== Task statement ==
Everything from the line that contains "(서울=포커스뉴스) 11일 오전" through the last line below should be transcribed exactly, except the pictures.

== Source data ==
>>>
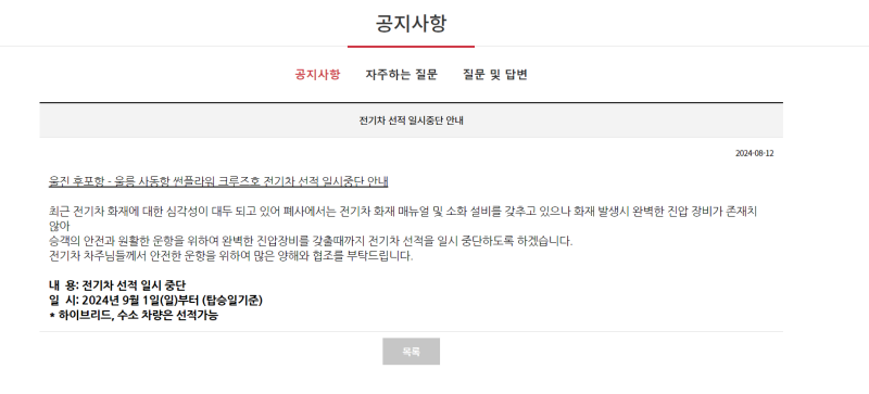 울진 후포항~울릉 사동항을 운항하는 에이치해운 울릉썬플라워크루즈호는 안전사고 예방을 위해 전기차 선적 일시 중단한다. 에이치해운에 따르면 전기차는 선적이 되지 않지만, 하이브리드, 수소 차량은 선적이 가능하다.
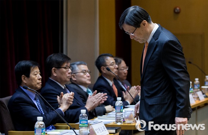 (서울=포커스뉴스) 11일 오전 서울 강남구 포스코센터에서 열린 정기주주총회에 참석한 권오준 포스코 회장이 인사말을 마친 후 자리로 향하고 있다.
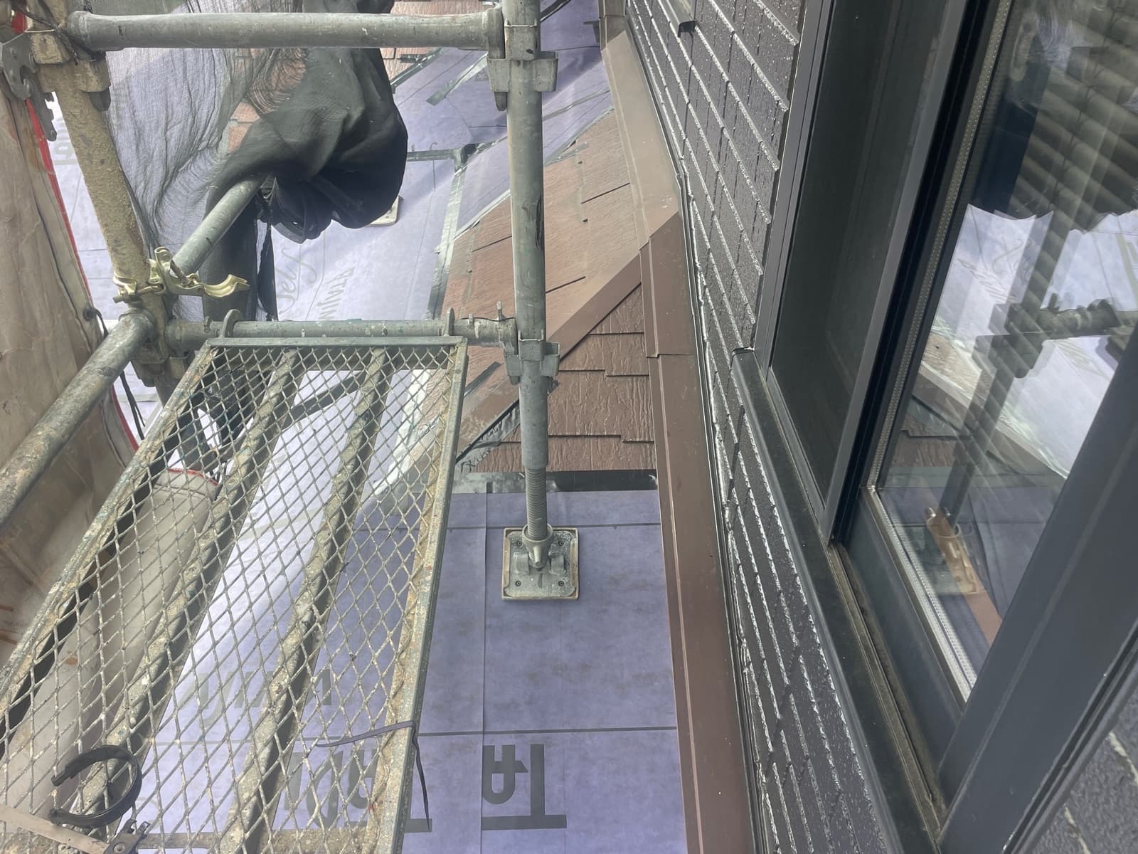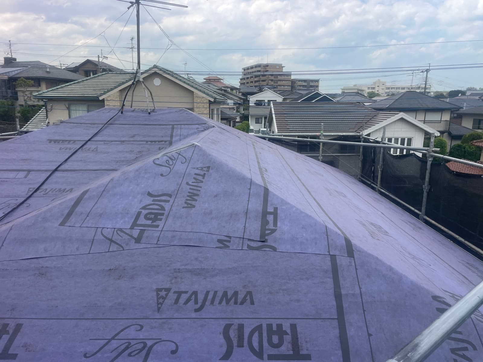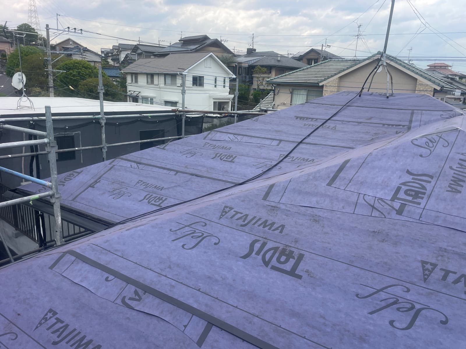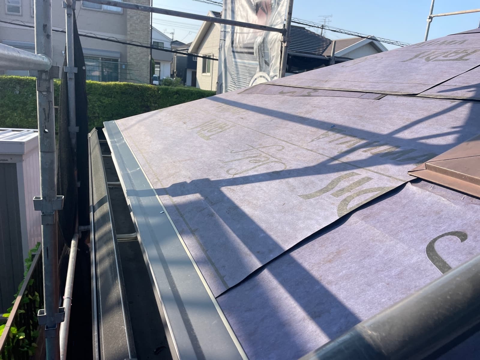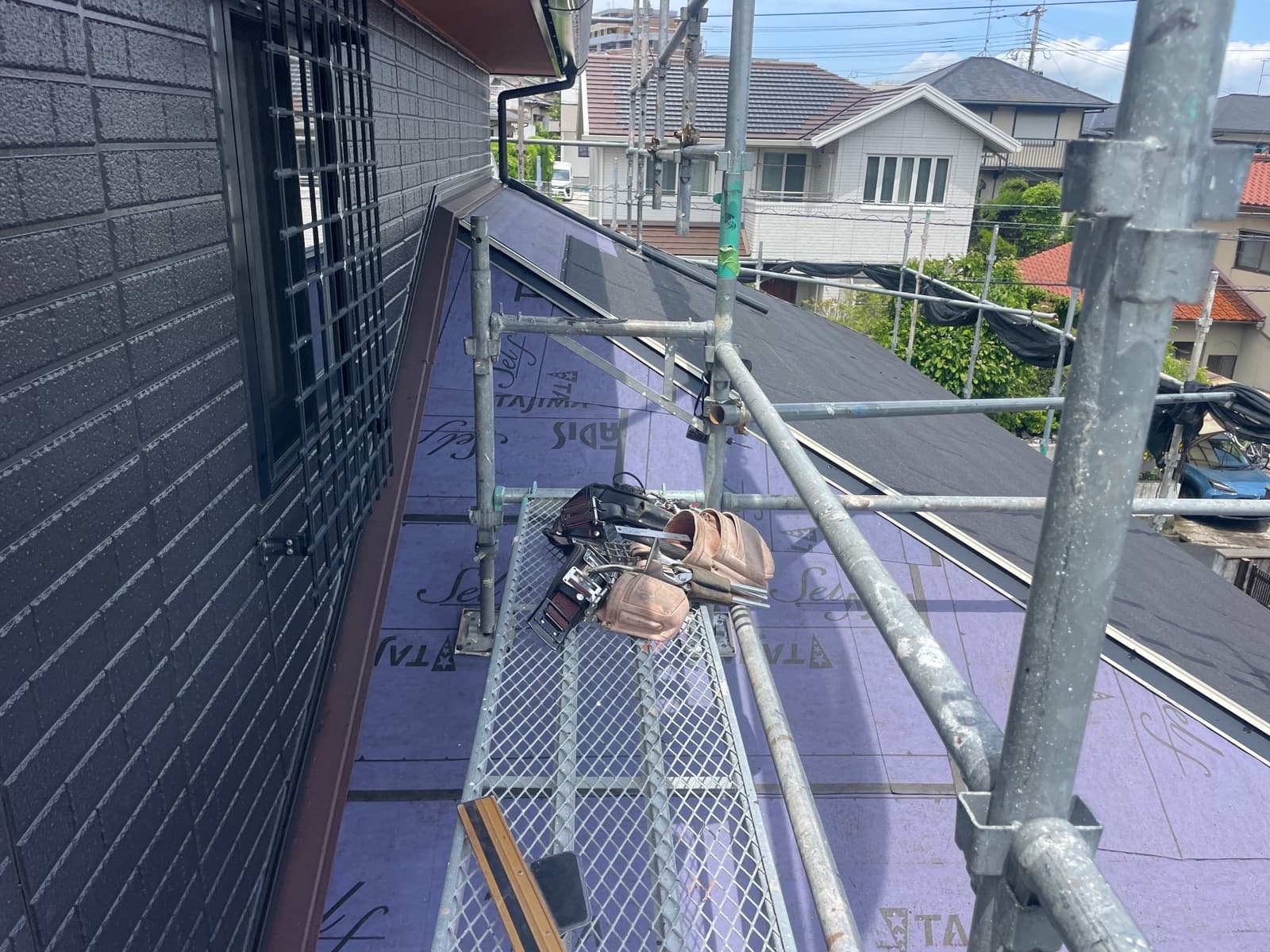 本日は付帯部塗装、屋根ルーフィング貼り(途中まで)をさせて頂いております。
<<<
== Output for this task ==
 (서울=포커스뉴스) 11일 오전 서울 강남구 포스코센터에서 열린 정기주주총회에 참석한 권오준 포스코 회장이 인사말을 마친 후 자리로 향하고 있다.
 本日は付帯部塗装、屋根ルーフィング貼り(途中まで)をさせて頂いております。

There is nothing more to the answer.